Seam Where v2 picks it up
Tariff sync + cross-customer cost New fleet.Tariffs table, push tariff change events from customer, derived cost in fleet_daily_per_customer.
Per-customer Postgres RLS for multi-Admin-user setups Add current_setting('app.customer_filter')-based RLS policies on fleet.* tables; Admin role to customer-scope mapping in IdentityRole.CustomerId.
Bidirectional Admin → Customer commands New WebSocket or long-poll channel on customer side; gated by mutual cert or a second token.
Branding sync (for the "Admin sees customer's brand when drilling in" niceness) Push branding row from customer; Admin renders the customer's brand on Customer-detail pages.
Forward compatibility Versioned URL /v1/fleet/ingest. Admin tolerates unknown JSON fields. Strictness on response shape only.
Dual-token grace window for rotation Customers.PreviousTokenHash column; ingest accepts either for 24h after rotation.
Sharded Admin (10000+ customers) Customer's FleetIngest__Url already supports any host — point different customers at different Admin instances; aggregate at a tier above with Promscale or similar if needed.
Hard-delete / GDPR Admin Customers page → "Decommission" action: DELETE FROM fleet.* WHERE CustomerId = … cascade. Logged.

12. Phase split

Phase What End-state
13 RunMode plumbing + Fleet schema + AdminDbContext split + Customers registry + token issuance UI. No data movement. Spin up an Admin stack, register a customer, see their token. Client stack picks up RunMode=Client + push config but doesn't yet push.
14 FleetPushService (Client), /api/fleet/ingest + FleetIngestService (Admin), IngestEvents, ReceivedAt migration on Client, FleetPushState, continuous aggregates SQL, compression policy SQL. Two local stacks: one Client pushes to one Admin. Rows visible in fleet.PowerMeasurements. Late-arrival firmware-replay scenario verified with fixtures.
15 Admin UI (Dashboard, Customers list, Customer detail, Customers token rotation), Grafana provisioning of fleet-overview.json + customer-drilldown.json, README + OPERATIONS updates for Admin deployment + customer onboarding workflow. Full feature usable end-to-end.

13. Sanity checks (carried over from the design conversation)
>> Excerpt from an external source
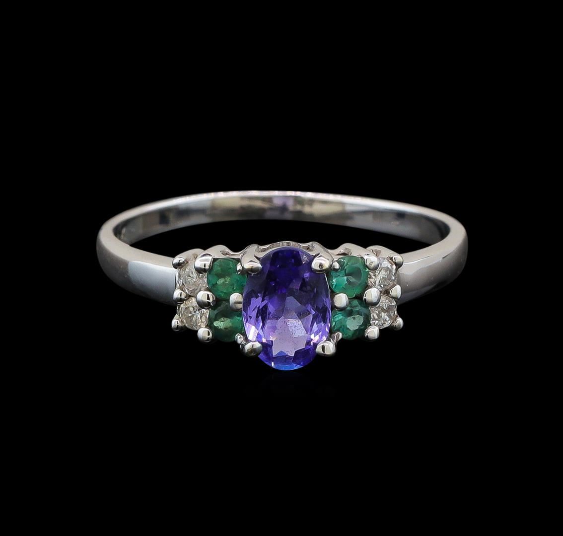 One electronically tested 14KT white gold ladies cast tanzanite, emerald and diamond ring with a bright polish finish. Identified with markings of "14K". Condition is new. Containing: One prong set oval modified brilliant cut natural tanzanite, measuring 6.40 x 4.50 x 2.93mm, approximate weight of 0.59ct., clarity is eye clean, type I, medium light, very slightly grayish, violet color, (GIA V 4/3), cut is good. Four prong set round modified brilliant cut natural emeralds, measuring 2.00 - 2.00 x 1.30 mm, approximate total weight of 0.12ct., clarity is slightly included, type III, medium, moderately strong, green color, (GIA G 5/4), cut is good. Four prong set round brilliant cut diamonds, measuring 1.70 - 1.70 x 1.02mm (depth est.) approximate total weight of 4 Stones = 0.07ct. Clarity: I-1 to I-2. Color: I - J, Cut is Good. Colored gemstones are presumed to have been subjected to commonly used enhancement processes. All diamonds and colored gemstones are graded in the mounting, unless otherwise stated. Total Weight of Colored Stones 0.71ct. Total Weight of Diamonds 0.07ct. Total Weight of Ring 2.10 grams. GGL Appraised at $1,160.00.
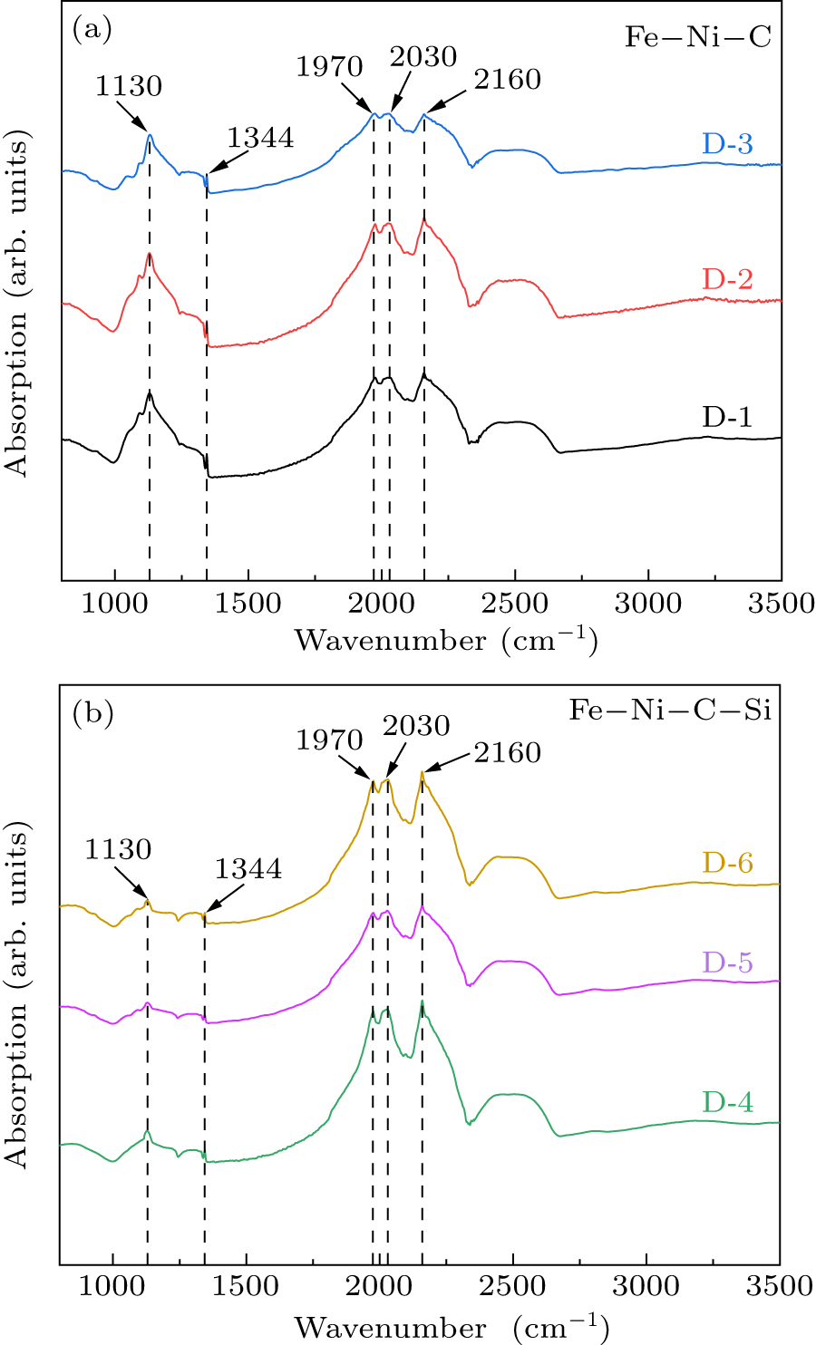 Infrared spectroscopy plays a crucial role in the identification and analysis of diamond crystals, effectively identifying the types of defects and impurity elements inside diamonds, such as N, H, B, etc. Infrared spectroscopy can determine the form and content of N present inside diamond crystal. In the infrared spectrum, 1970 cm−1, 2030 cm−1 and 2160 cm−1 are the characteristic peaks of diamond, representing the absorption peaks of the C–C bonds.[29] In addition, 1130 cm−1 and 1344 cm−1 correspond to the characteristic peaks of C-center N in the monophonon region,[30] and the peak absorption intensity represents the C-center N content in diamonds. In order to understand the effect of pressure on N content in crystals, this study obtained infrared absorption spectra of diamond samples at room temperature (Fig. 4). It can be seen that when the pressure was increased from 5.8 GPa to 6.8 GPa in the different synthesis systems, the absorption intensities of the 1130 cm−1 and 1344 cm−1 peaks tended to decrease. The following equations were used to describe the concentration of N impurities in the synthesized diamond crystals: where NC (ppm) represents the N concentration at the C-center inside a crystal and μ and A represent the correction coefficient and the absorption intensity, respectively.[31–33] The nitrogen concentration content of the diamond crystals synthesized under different synthesis systems was calculated using the above equations. The results are summarized in Table 1. In the Fe–Ni–C system, as the pressure increased from 5.8 GPa (D-1) to 6.8 GPa (D-3), the N content in the synthesized diamond decreased from 279 ppm to 241 ppm. In the Fe–Ni–C–Si system, the N content inside the silicon-doped diamond lattice decreased from 68 ppm (D-4) to 51 ppm (D-6). When the synthesis pressure increased, the N content in the diamond crystal decreased. Hence, the experimental results show that an increase in pressure can inhibit the entry of N into synthesized diamond crystal. Changes in pressure can have an impact on the performance of a catalyst in a synthesis system. Increasing pressure can increase the interaction between FeNi alloy and N atoms, thereby reducing the content of N atoms entering the lattice and directly affecting the N content inside diamond.[27,34] In addition, during HPHT experiments, doping is one of the methods that may be used to change the N content in diamonds. Si and N elements enter the diamond lattice together, forming Si–N bonds, resulting in a decrease in the N content of the lattice, and this was confirmed by the x-ray photoelectron spectroscopy (XPS) characterization. In summary, the influence of pressure on the N content of synthetic diamonds is caused by multiple factors and needs further exploration.

  • No central data without the central DB existing. Whole feature is opt-in via FleetIngest__Enabled.
  • Customer model is unchanged. Every customer keeps full control of their own data. We copy roll-ups (and raw measurements for fidelity), not authority.
  • One ingest endpoint, no fan-out. N customers all POST to the same /api/fleet/ingest. Admin scales vertically first, shards horizontally later if needed (each customer's FleetIngest__Url can point at a specific Admin instance).